Correlation study between temporal muscle thickness and recurrence in patients with chronic subdural hematoma after burr hole drainage

Yonghui Huang, Baohua Fan(), Tian Huai, Jianqiang Ma, Rujiang Bai   

  1. Department of Neurosurgery, Taihe County People's Hospital, Fuyang 236600, China
  • Received:2024-08-04 Online:2025-06-15 Published:2025-09-08
  • Contact: Baohua Fan
  • Supported by:
    Research Project of Fuyang Health Commission(FY2021-104)

Abstract:

Objective

To analyze the correlation between temporal muscle thickness (TMT) and postoperative recurrence in patients with chronic subdural hematoma (CSDH) who underwent burr hole drainage.

Methods

A retrospective analysis was conducted on the clinical data of 108 CSDH patients who received burr hole drainage in the Neurosurgery Department of Taihe County People's Hospital from January 2021 to December 2023. TMT was measured by preoperative head CT scan. Patients were stratified by gender, and their TMT was compared between males and females. The receiver operating characteristic (ROC) curve and maximum Jordan index were used to determine the gender specific threshold for TMT. Based on this threshold, patients were divided into a low temporal muscle thickness (LTMT) group and a high temporal muscle thickness (HTMT) group, and their clinical data were compared between the two groups. According to whether the patient has a recurrence 6 months after surgery, they were divided into a recurrence group and a non-recurrence group. Adopting multiple Logistic regression analysis to identify independent risk factors for postoperative recurrence in CSDH patients.

Results

Among the 108 patients, there were 19 patients in the recurrence group and 89 patients in the non-recurrence group. The TMT of male patients was significantly higher than that of females, and the difference was statistically significant (P<0.05). ROC curve analysis showed that the optimal TMT threshold for predicting recurrence was 4.175 mm for males and 3.300 mm for females. There were 56 cases in the HTMT group and 52 cases in the LTMT group. The recurrence rate of patients in the LTMT group was higher than that in the HTMT group, and the difference was statistically significant (P<0.05).
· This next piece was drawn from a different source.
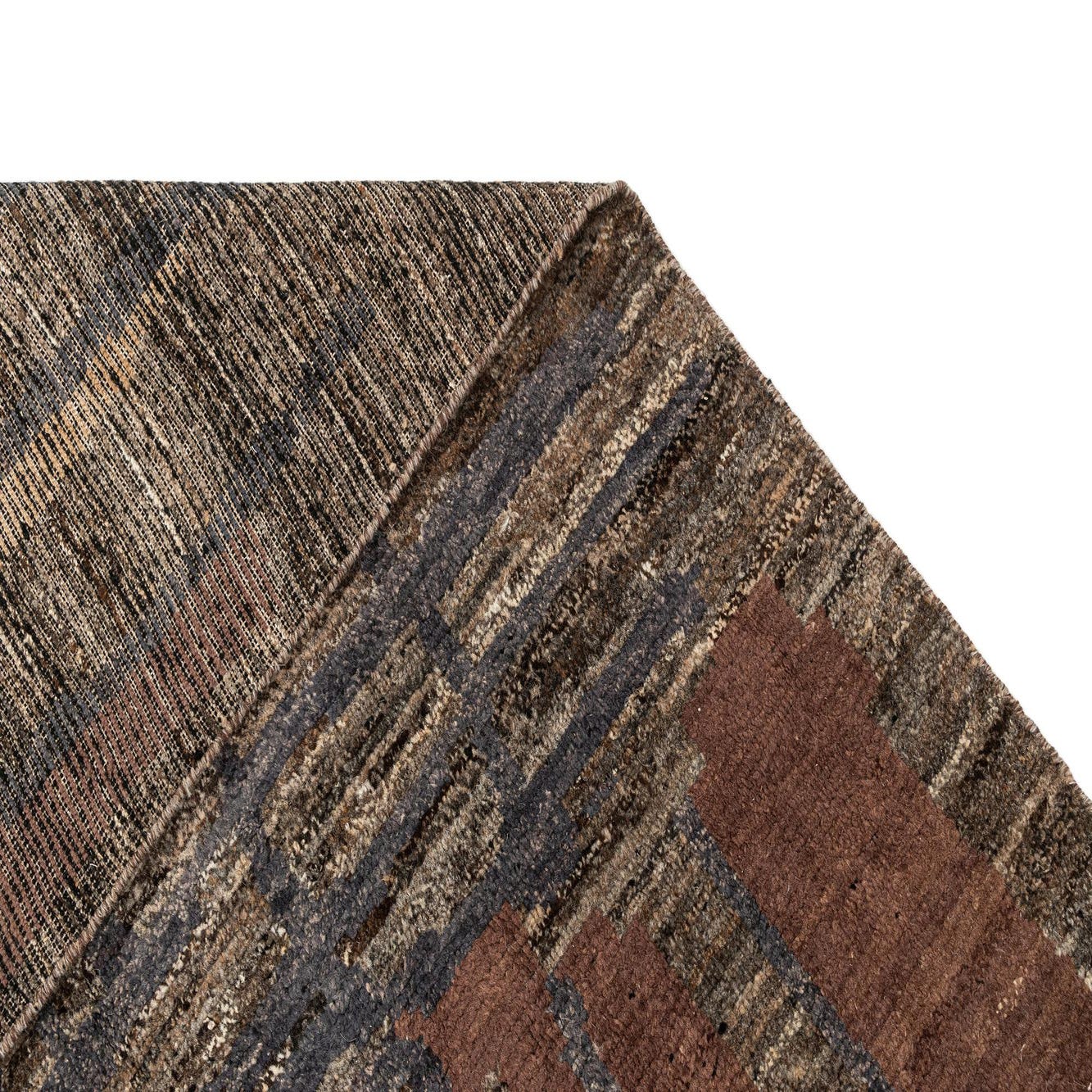 A rectangular Beni Marok Persian rug featuring an abstract pattern in shades of gray, silver, brown, and beige.

Multivariate Logistic regression analysis showed that age ≥70 years, TMT≤critical value (4.175 mm for males and 3.300 mm for females), and hematoma volume were independent risk factors for postoperative recurrence in CSDH patients.

Conclusions

Preoperative TMT below the gender specific threshold is an independent risk factor for postoperative recurrence in CSDH patients, and its predictive value is not affected by age and hematoma volume, which helps identify patients at high risk of recurrence.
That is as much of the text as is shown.